Canlı Türk kalmayınca kan ile beslenen bu canilerin bu sefer de Türk mezarlarından ölülerin kemiklerini çıkarıp yaktığını ifade eden Mutlu, "Yunan din adamları Türklerin öldürülmesini teşviki için kiliselerde çan çalıyordu. Bu vahşi katliama direnme çağrısında bulunan Tripoliçe Kadısı Halim Efendi, Barbar çeteciler tarafından üzerine kızgın yağ dökülüp yakılarak katledildi. Rumlar katliamda kesilen kafaları piramit haline getirip gösteriler yapıyordu. Amerikalı tarihçi Justin McCarthy, şu sözlerle dikkat çekmişti: ''Üç gün boyunca zavallı Türk yerleşimciler, bir vahşiler güruhunun şehvetine ve zulmüne teslim edildiler. Ne cinsiyet ne de yaş ayırt edilmedi. Kadınlar çocuklar dahi öldürülmeden önce işkenceden geçirildiler. Kıyım öyle büyük ölçüde idi ki çetecilerin liderinin kendi bile; ''Kasabaya girdiğimde Yukarı Hisar kapısından başlayarak Tripolice meydanına kadar, atımın nalları hiç yere değmedi ' demektedir" şeklinde açıklamada bulundu.

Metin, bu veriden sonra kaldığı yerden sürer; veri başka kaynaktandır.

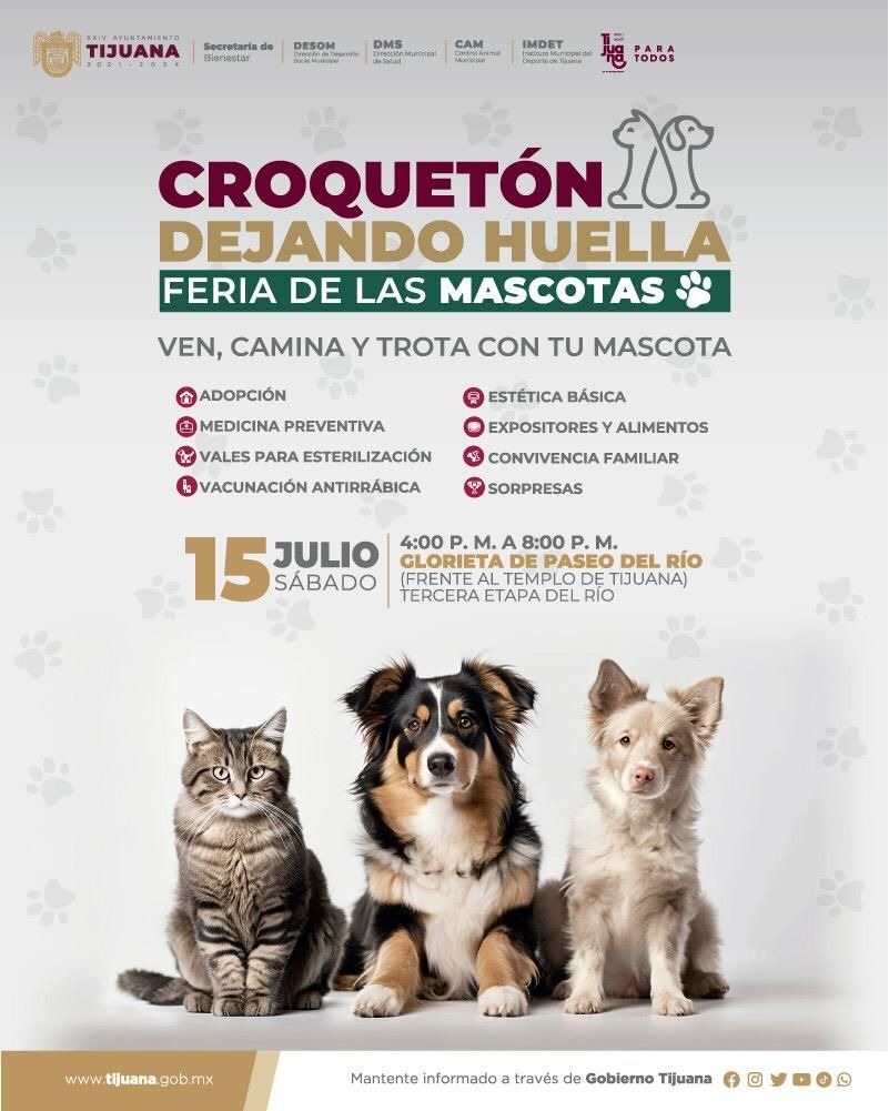 El secretario de Bienestar, Gerardo López Montes, destacó que se vivirá de nuevo una fiesta para los “michis” y “lomitos” de Tijuana al realizar la edición de la Feria de las Mascotas y ahora con un croquetón en la Tercera Etapa del Río Tijuana, a la altura de la Glorieta Paseo del Río, desde las 4 de la tarde hasta las 8 de la noche.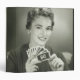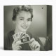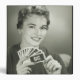 Femme de sourire tenant des cartes de jeu dans le studio, (B&W), marques de portrait | George | AssetID : 57520357

Yunan eşkıyalarının yaptığı katliamları tarihten silmenin mümkün olmayacağını aktaran Mutlu, "Mora, Tripoliçe, Navarin, Çamerya katliamlarında olduğu gibi. Günümüze geldiğimizde Yunanistan'ın yapmış olduğu katliamlar boyut değiştirmiş; kültür, eğitim ve inanç katliamlarına dönüşmüştür" dedi.

Yunan yöneticilerin baskılarının sadece eğitimle sınırlı kalmadığını ve Müslüman Türklerin dini değerlerine Yassıköy Belediyesi, Narlıköy Müslüman Mezarlığı'na saldıranlara göz yummaları ile de olayın İnanç katliamına dönüştüğünü söyleyen Mutlu, "Ülkemizde hiçbir antlaşmada yer verilmeyen; Ekümeniklikten bahsedilirken, Sümela Manastırında ayin yapılmasına izin verilirken, azınlıklara mal varlıkları teslim edilirken, Müslümanlar dışındaki diğer inançlara sahip olan azınlıkların ibadethaneleri Türkiye Cumhuriyeti tarafından restore edilip teslim edilirken, 24 Temmuz 1923 tarihinde imzalanan Lozan Barış Antlaşması ile uluslararası platformda güvence altına alınan Batı Trakya Azınlık haklarının yok edilmeye çalışılması kabul edilemez" dedi.

Balkan Türkleri Federasyonu olarak Batı Trakya Türk Azınlığının kendi haklarını savunduğu her faaliyetin destekçisi olduklarını aktaran Mutlu, geçmişte Yunan eşkıyalarının, günümüzde Yunanistan yöneticilerinin yapmış olduğu bu katliamları lanetlediklerini vurguladı.

Hangi etnik gruba ve inanca dahil olursa olsun zorbalıkla karşılaşmasını istemediklerinin altını çizen Mutlu, 202 yıl geçse de biz ''Mora Katliamını, Unutmadık, Unutmayacağız, Unutturmayacağız'' dedi.